白い壁は、外の、なんの音も遮断して聞かせない。
今、聞こえるのは、耳元でする、彼のせわしない息遣いだけだ。
それが、ハロルドを静かに追い詰める。
それを聞くと、嵐のように、心は荒れる。
まるで、時計の針のように、早く早くと急き立ててくる。
けれど。
人を望んだことなどない。望まれた事はそれ以上に。
今、ハロルドを捕らえているのは、初めて飛来した、欲望だった。
他人に触れ、他人と関わりたいと思い、他人にとって必要だと思われたい、という初めての、欲。
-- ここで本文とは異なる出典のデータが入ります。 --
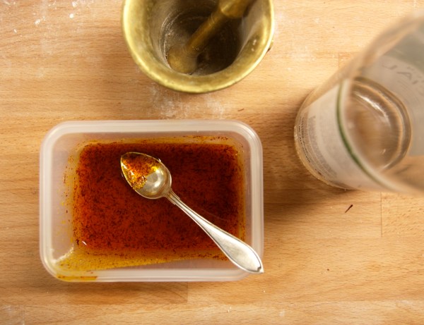 Stöt saffran och socker i mortel. Häll över i en burk och tillsätt spriten. Rör om och låt dra minst ett dygn innan baket. Det här räcker till en lussedeg om du vill ha mycket färg och smak, men det går självklart att bara använda ett par teskedar och spara resten till paella, fisksoppa, saffransbiscotti eller vad annat du vill hitta på.

今、彼を閉じ込めているものが、私という檻だとしたら、彼は私にとっての鎖だ。
ここに繋ぎ止められたいと思っている訳ではない。
いつかは出なければ。そして、ふたりとも助からなければ。
でも、繋がれているのが自分の方だと分かっていても、それを今、断ち切ってしまったら、彼は自由になってしまう。私の手の中からいなくなってしまう。
私は、そう思う自分を嫌悪する。
彼の自由を奪う事を、心密かに望んでいる自分を、憎みさえする。
けれど、それを押しのけて尚、彼が自分がいないと、生きていけなければ良い、と思う。
私ひとりだけのものであれば、良いと・・・渇望する。